10 Times Nature Was Totally Metal in 2019
Remembering the cannibal ants, reindeer mosh pits and solar tsunamis that made 2019 heavy as a black hole.
If a bunch of exploding stars hadn't forged the universe's heaviest elements billions of years ago, there would be no iron for our Maidens, no lead in our Zeppelins and no rocks to roll all nite.
This is to say, nature has never needed humans in order to be totally metal — and 2019 was no exception. This year was so metal that cockatoos taught themselves to headbang, cows rode hurricanes across the sea and black holes got so heavy that they defied physics.
In humble appreciation of these epic stories and others, we offer the following collection of 10 times nature was totally metal in 2019.
1. Walrus mom sinks boat
A walrus is a saber-toothed torpedo wrapped in 2,000 lbs. (900 kilograms) of rippling blubber. You probably don't spend much time thinking about how brutal these arctic sea units are — unless you've had the misfortune of getting too close to one or her calves.

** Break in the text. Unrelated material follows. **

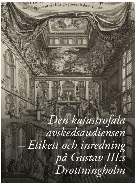
Den katastrofala avskedsaudiensen – Etikett och inredning på Gustav III:s Drottningholm

That was the case for a group of Russian marine scientists in September, when they landed on a remote island in the Russian Arctic during a research expedition. According to a report from the Russian Geological Society, the team piloted its landing craft a bit too close to a mother walrus and her babies, prompting mama to attack the vessel — and wreck it. "The boat sank," the report said, though, luckily, "all the landing participants safely reached the shore."
The mother walrus and her family were also unharmed. When was the last time you headbanged a boat to death and walked away unscathed?
2. Reindeers form mosh pit
Rudolph the red-nosed reindeer didn't go down in history for his combat prowess. Clunky and herbivorous, reindeer are much better at running away from predators than they are at fighting them. Spook enough reindeer at once, however, and their mad dash for safety could transform into an unstoppable force of nature.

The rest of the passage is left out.